Collected data entries

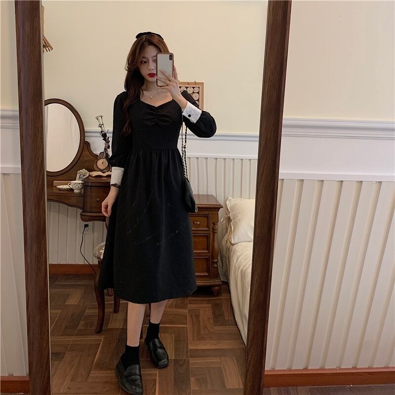スタンダードウエストレースVネックスリーブ 袖ドレス ワンピース薄手ブラック 黒スカート レトロ かわいい 可愛い ガーリー 大人可愛い 大人かわいい フェミニン 大人ガーリー ステッチ 女性 レディース ゆめかわ56072517535 | nice import1
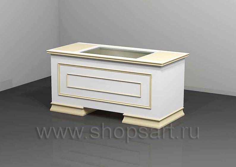 Торговый демонстрационный стол с прилавком, имеющим стеклянный верх. Материал: ЛДСП, массив дерева которое тонируется в любой цвет. Стол отлично подойдет для ювелирных магазинов и магазинов часов.
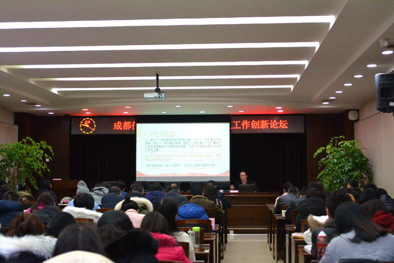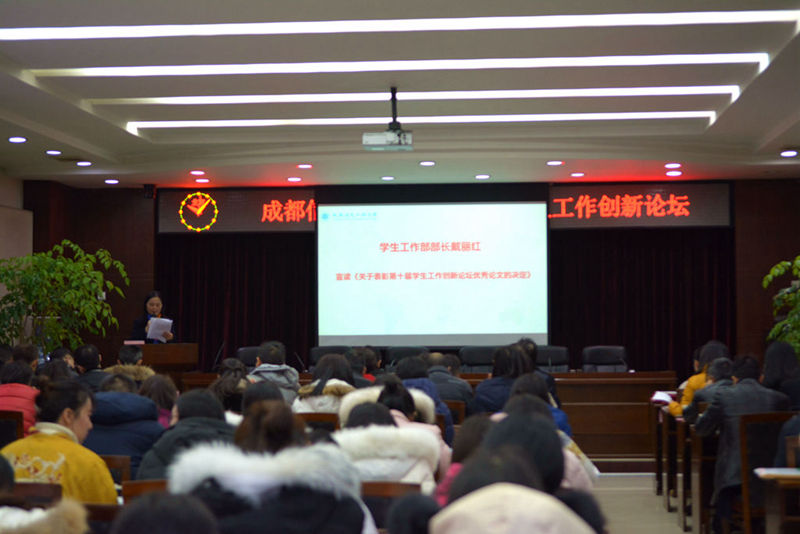 【本网讯】为深入学习贯彻党的十九大会议精神,贯彻落实中共中央、国务院《关于加强和改进新形势下高校思想政治工作的意见》、教育部《普通高等学校辅导员队伍建设规定》和学校2017年党建及思想政治工作会议精神,进一步推进新形势下乐动学生工作,加强和改进大学生思想政治教育,创新学生工作的理论与实践,1月10日上午,学校在行政楼一会议室召开第十届学生工作创新论坛。学校副校长于世祥,相关职能部门负责人,各学院党总支书记(副书记),全体辅导员老师等约150余人参加了论坛。论坛由学生工作部部长戴丽红主持。
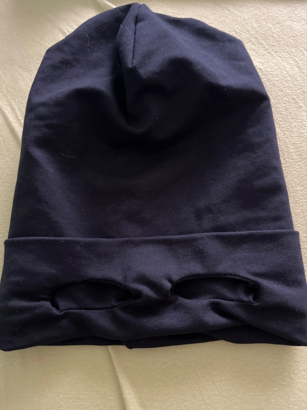 oblecena parkrat, neposkodena, presne velkosti ciapky XL najdete na stranke Little People. ma lem akoze maska, da sa to stiahnut, je dvojito podsita. Na prechodne obdobie super.
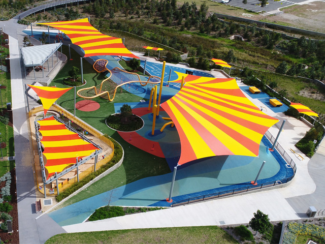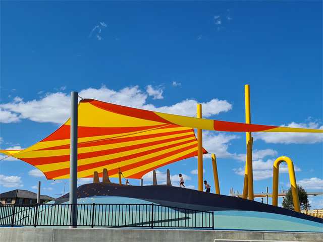 Unique in their brightness and shape, the shade sails are a dominant visual feature of the park. Rising to heights of up to 10 metres, the structures provide exceptional coverage over a variety of areas, while also ensuring they stand as a focal point for the neighbourhood and give the locals of Gregory Hills pride in their community.
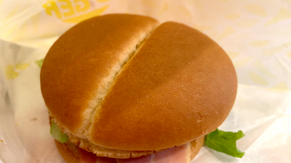 ロッテリアのマフィンはふんわりバンズ。表面は少しざらっとしています。
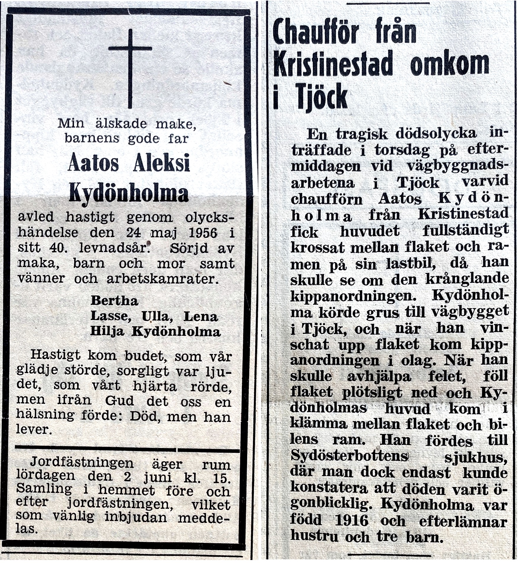 År 1956 i maj blev Bertha änka igen då hennes man Aatos omkom i en olycka. Han arbetade som chaufför på Riksåttans bygge i Tjöck. Med sin lastbil körde han grus till bygget och en dag blev det något fel på kippanordningen. Han gick då under flaken för att åtgärda felet och just då föll flaken ner och Aatos klämdes ihjäl mellan ramen och flaken.
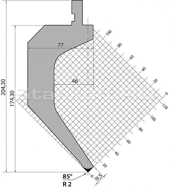 Пуансон гусевидного типа. Предназначен преимущественно для гибки деталей с длинными полками из различных вариантов толщин листового металла. Изготовлен из высококачественной легированной стали 42Cr:900-1150 N/mm².
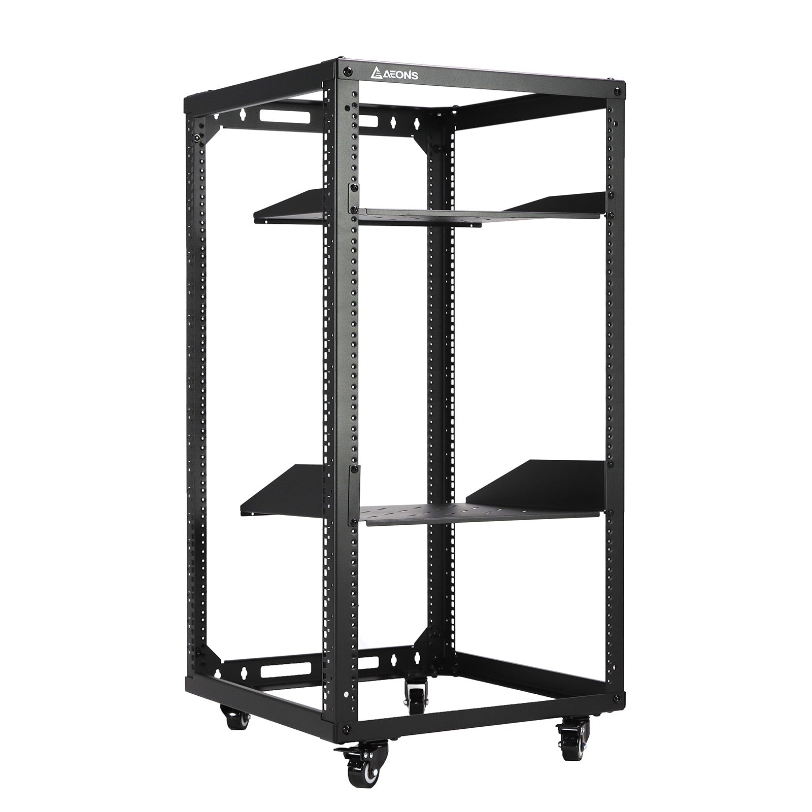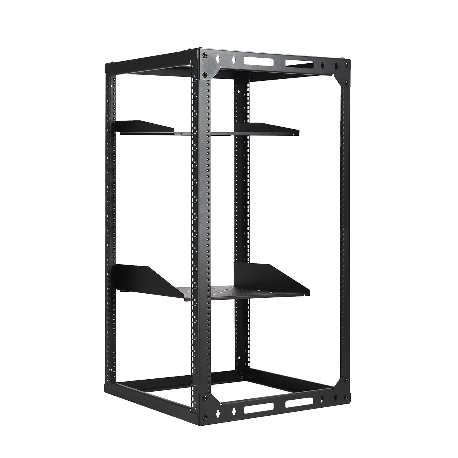 - Includes everything you need to rack 'em up! Entire 20U open frame rack structure, 1x 1U vented shelf (14" deep), 1x 2U vented shelf (16" deep), and rack mounting screws.
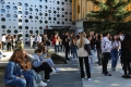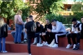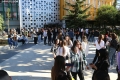 Students in the yard of the History and Philology Faculty during the first day of the academic year. Although the lecturers received the students in the early hours of the day, from 10 am to 12 pm they boycotted the lesson in protest against the low salaries, which they had warned about.
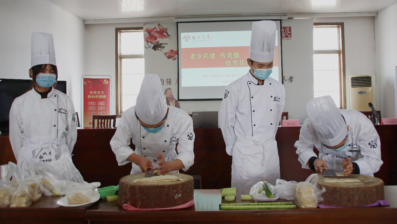 洽谈会上,我院领导与社区领导共同协调工作,建立长效稳定工作联系;共同做好党员思想政治教育培训,制定学习计划,走访参观;共同完善党团支部建设工作,完善各项党建制度,并顺利完成结对共建签约仪式。随后,解小青书记简要介绍了学院概况并邀请老领导参观。她表示,扬州大学旅烹专业是全国一流专业,有着30年历史,是烹饪界的黄埔军校。接着,胡靖同学进行饮食营养知识宣讲。胡靖同学讲道:“营养对于老人极为重要。食物宜杂,质量宜高,数量宜少,速度宜缓,蔬菜宜多,口味宜淡。”宣讲过后,我院烹饪专业学生进行技能展示——蓑衣黄瓜、劈干丝。展示成品发放给社区老人。此外,学院还给每位党员都准备了学生们切的干丝。最后,党员代表陆开存进行即兴发言。他从国家层面讲述了道德与法治的关系以及自己对于道德的理解:道德是原则、规范,人民都遵循道德,就能得道,达成共赢。
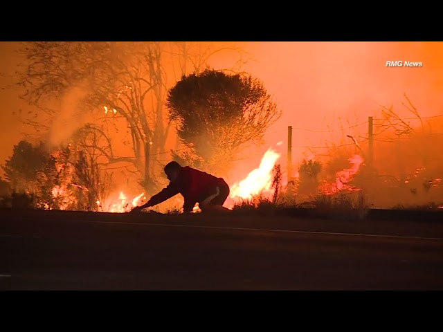 남자는 고속도로에서 중지와 약간의 야생 토끼를하기 위해 차에서 내렸다. 동물은 당황하고 화재 불길을 탈출을 시도했다, 벤추라는 남부 캘리포니아에있는 지방을 명중.

■ WORK TO COMPLETE ■
Leaving the pictures behind, return every line above exactly.

■ RESPONSE AREA ■
スタンダードウエストレースVネックスリーブ 袖ドレス ワンピース薄手ブラック 黒スカート レトロ かわいい 可愛い ガーリー 大人可愛い 大人かわいい フェミニン 大人ガーリー ステッチ 女性 レディース ゆめかわ56072517535 | nice import1
 Торговый демонстрационный стол с прилавком, имеющим стеклянный верх. Материал: ЛДСП, массив дерева которое тонируется в любой цвет. Стол отлично подойдет для ювелирных магазинов и магазинов часов.
 【本网讯】为深入学习贯彻党的十九大会议精神,贯彻落实中共中央、国务院《关于加强和改进新形势下高校思想政治工作的意见》、教育部《普通高等学校辅导员队伍建设规定》和学校2017年党建及思想政治工作会议精神,进一步推进新形势下乐动学生工作,加强和改进大学生思想政治教育,创新学生工作的理论与实践,1月10日上午,学校在行政楼一会议室召开第十届学生工作创新论坛。学校副校长于世祥,相关职能部门负责人,各学院党总支书记(副书记),全体辅导员老师等约150余人参加了论坛。论坛由学生工作部部长戴丽红主持。
 oblecena parkrat, neposkodena, presne velkosti ciapky XL najdete na stranke Little People. ma lem akoze maska, da sa to stiahnut, je dvojito podsita. Na prechodne obdobie super.
 Unique in their brightness and shape, the shade sails are a dominant visual feature of the park. Rising to heights of up to 10 metres, the structures provide exceptional coverage over a variety of areas, while also ensuring they stand as a focal point for the neighbourhood and give the locals of Gregory Hills pride in their community.
 ロッテリアのマフィンはふんわりバンズ。表面は少しざらっとしています。
 År 1956 i maj blev Bertha änka igen då hennes man Aatos omkom i en olycka. Han arbetade som chaufför på Riksåttans bygge i Tjöck. Med sin lastbil körde han grus till bygget och en dag blev det något fel på kippanordningen. Han gick då under flaken för att åtgärda felet och just då föll flaken ner och Aatos klämdes ihjäl mellan ramen och flaken.
 Пуансон гусевидного типа. Предназначен преимущественно для гибки деталей с длинными полками из различных вариантов толщин листового металла. Изготовлен из высококачественной легированной стали 42Cr:900-1150 N/mm².
 - Includes everything you need to rack 'em up! Entire 20U open frame rack structure, 1x 1U vented shelf (14" deep), 1x 2U vented shelf (16" deep), and rack mounting screws.
 Students in the yard of the History and Philology Faculty during the first day of the academic year. Although the lecturers received the students in the early hours of the day, from 10 am to 12 pm they boycotted the lesson in protest against the low salaries, which they had warned about.
 洽谈会上,我院领导与社区领导共同协调工作,建立长效稳定工作联系;共同做好党员思想政治教育培训,制定学习计划,走访参观;共同完善党团支部建设工作,完善各项党建制度,并顺利完成结对共建签约仪式。随后,解小青书记简要介绍了学院概况并邀请老领导参观。她表示,扬州大学旅烹专业是全国一流专业,有着30年历史,是烹饪界的黄埔军校。接着,胡靖同学进行饮食营养知识宣讲。胡靖同学讲道:“营养对于老人极为重要。食物宜杂,质量宜高,数量宜少,速度宜缓,蔬菜宜多,口味宜淡。”宣讲过后,我院烹饪专业学生进行技能展示——蓑衣黄瓜、劈干丝。展示成品发放给社区老人。此外,学院还给每位党员都准备了学生们切的干丝。最后,党员代表陆开存进行即兴发言。他从国家层面讲述了道德与法治的关系以及自己对于道德的理解:道德是原则、规范,人民都遵循道德,就能得道,达成共赢。
 남자는 고속도로에서 중지와 약간의 야생 토끼를하기 위해 차에서 내렸다. 동물은 당황하고 화재 불길을 탈출을 시도했다, 벤추라는 남부 캘리포니아에있는 지방을 명중.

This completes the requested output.